The text says, also, that Vercingetorix gave orders that the baggage should be taken out of the camps in all haste, to follow him. If the baggage of an army of 100,000 men had accompanied Vercingetorix, on the road followed by the infantry, we cannot understand how the Roman army, which pursued the Gauls as long as daylight lasted, should not have captured it all. But investigations made in the country situated between the field of battle and the Alise, behind the heights of Sacquenay, have brought to light vestiges of a Roman road which, starting from Thil-Châtel, thirteen kilomètres behind Sacquenay, proceeded, by Avelanges, towards the hamlet of Palus, where it branched from the road from Langres to Alise. We may suppose, therefore, that Vercingetorix caused his baggage to follow in his rear as far as Thil-Châtel, where it took the road to Palus.

The Roman road from Langres to Alise, which, without any doubt, marks the direction followed by the two armies, has been traced almost in its whole extent by Commandant Stoffel. Even at the present day, on the territories of Fraignot, Salives, Echalot, and Poiseul-la-Grange, the inhabitants call it the Road of the Romans, or Cæsar’s way.

[520] We read (De Bello Gallico, VII. 68) the words, Altero die ad Alesiam castra fecit. We have before sought to prove that the words altero die must be translated by the second day after, and not by the next day. [See page 279, note (1).] It took Cæsar, therefore, two days’ march to move from the field of battle to Alesia.
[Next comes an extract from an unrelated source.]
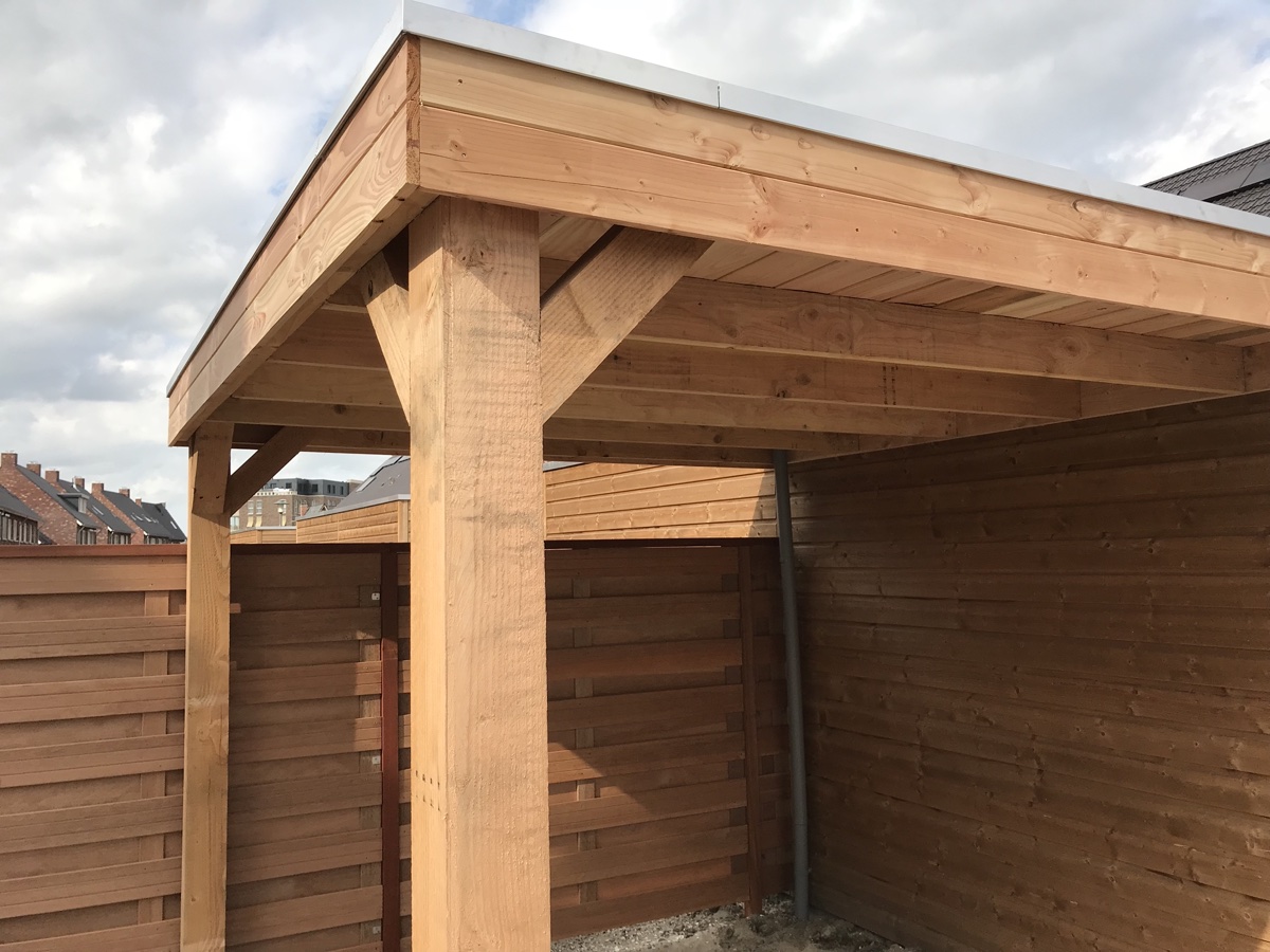 De overkapping is gemaakt van robuuste douglas palen, balken en planken. De staanders van de overkapping rust op een betonnen poer met daaronder een hardhouten paal ,dit vormt de fundering van de overkapping.

A study of the country fully confirms the interpretation we give to the expression altero die. In fact, to the north and east of Alise-Sainte-Reine (Alesia), to less than two days’ march, the ground is so cut up and broken that no cavalry battle would be possible upon it. It retains this character as far as fifty-five or sixty kilomètres from Alise, to the east of the road from Pranthoy to Dijon, where it becomes more easy and open. The battle-field of the Vingeanne, which we consider as the true one, is at a distance of sixty-five kilomètres from Alise. Supposing that, on the day of the victory, the Roman army had pursued the Gauls over a space of fifteen kilomètres, it would have had to traverse in the two following days, before arriving at Alesia, a distance of fifty kilomètres, that is to say, twenty-five kilomètres a day.

[521] We call the reader’s attention particularly to the numerous Roman and Gaulish coins found in one of the fosses of the camp D, the list of which will be found in Appendix C, at the end of this volume.

[522] Near the western summit of the mountain two abundant springs arise; there is another on the eastern side. With these springs, as at Gergovia, it was easy to form large watering-places for cattle. Besides, manifest traces of a great number of wells are visible on the table-land, so that it is evident the besieged can never have wanted water, besides which, they could always descend to the two rivers.